#### INSTRUCTIONS FOR THE TASK
A faithful copy is needed of the lines below from the one with "significant results with" up to and including the one with "Rolling Fork, MS- Public"; set it down with no pictures and no other lines.

#### RECORDS FOR PROCESSING
· · · · · · ·

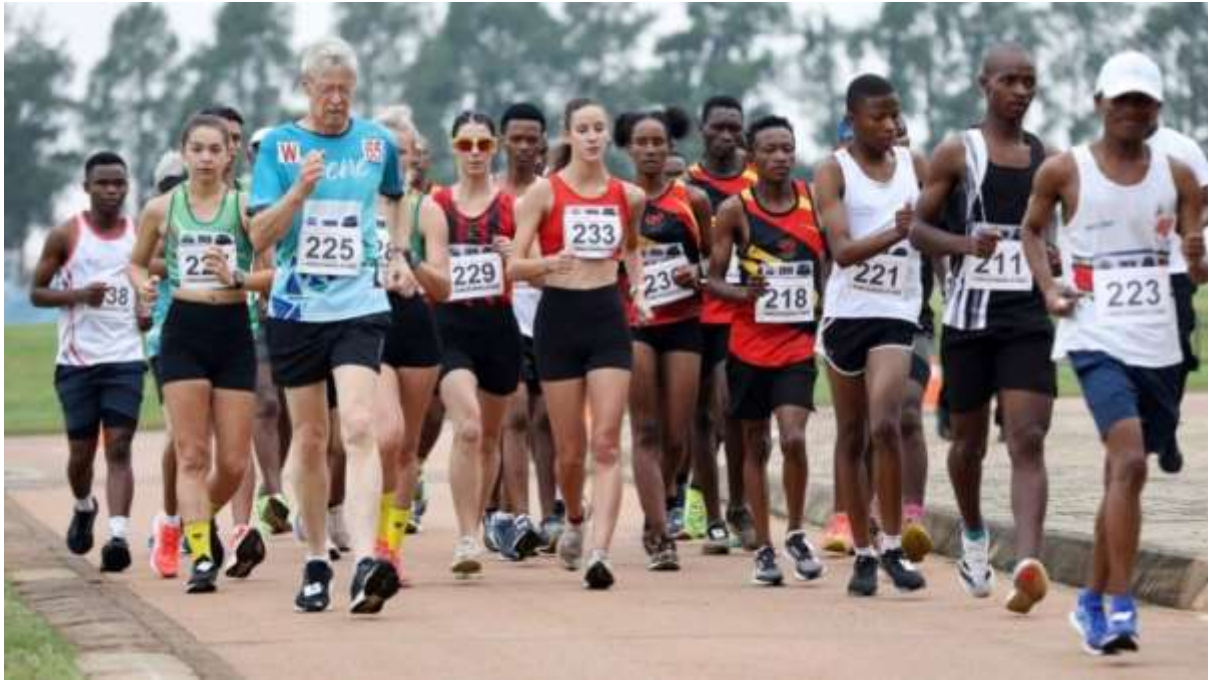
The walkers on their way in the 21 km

· · · · · · ·

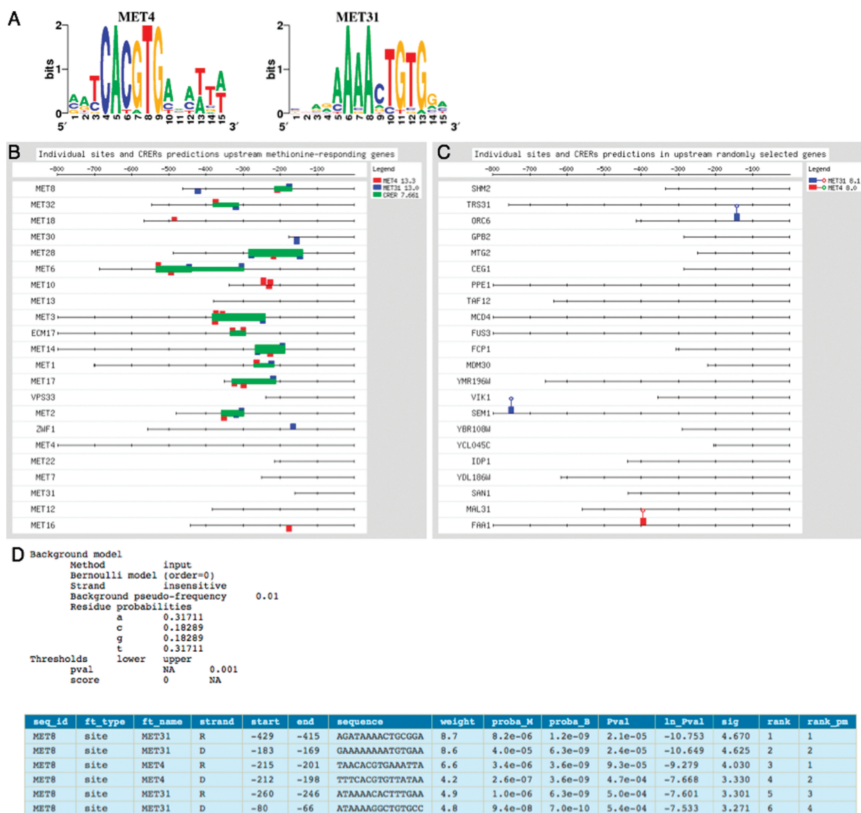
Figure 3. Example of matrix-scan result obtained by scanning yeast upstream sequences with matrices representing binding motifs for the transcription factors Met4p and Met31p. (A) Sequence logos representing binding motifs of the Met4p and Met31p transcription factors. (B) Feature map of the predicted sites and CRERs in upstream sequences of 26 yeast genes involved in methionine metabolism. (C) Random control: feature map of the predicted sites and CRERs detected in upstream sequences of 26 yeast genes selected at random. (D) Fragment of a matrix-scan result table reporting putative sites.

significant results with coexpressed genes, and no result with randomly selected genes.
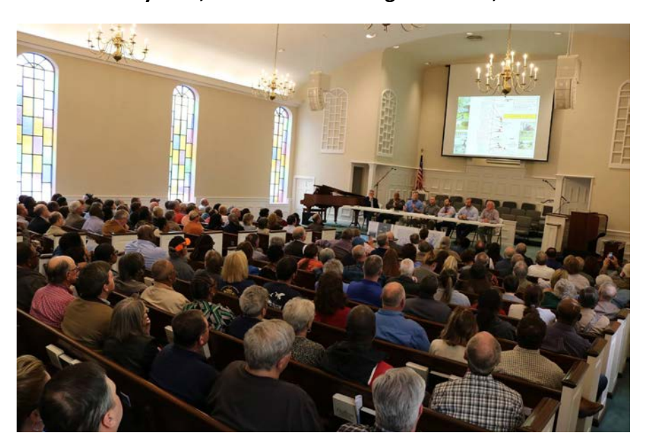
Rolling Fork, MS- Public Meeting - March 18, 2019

· · · · · · ·

#### SOLUTION FOR THIS EXERCISE
significant results with coexpressed genes, and no result with randomly selected genes.
Rolling Fork, MS- Public Meeting - March 18, 2019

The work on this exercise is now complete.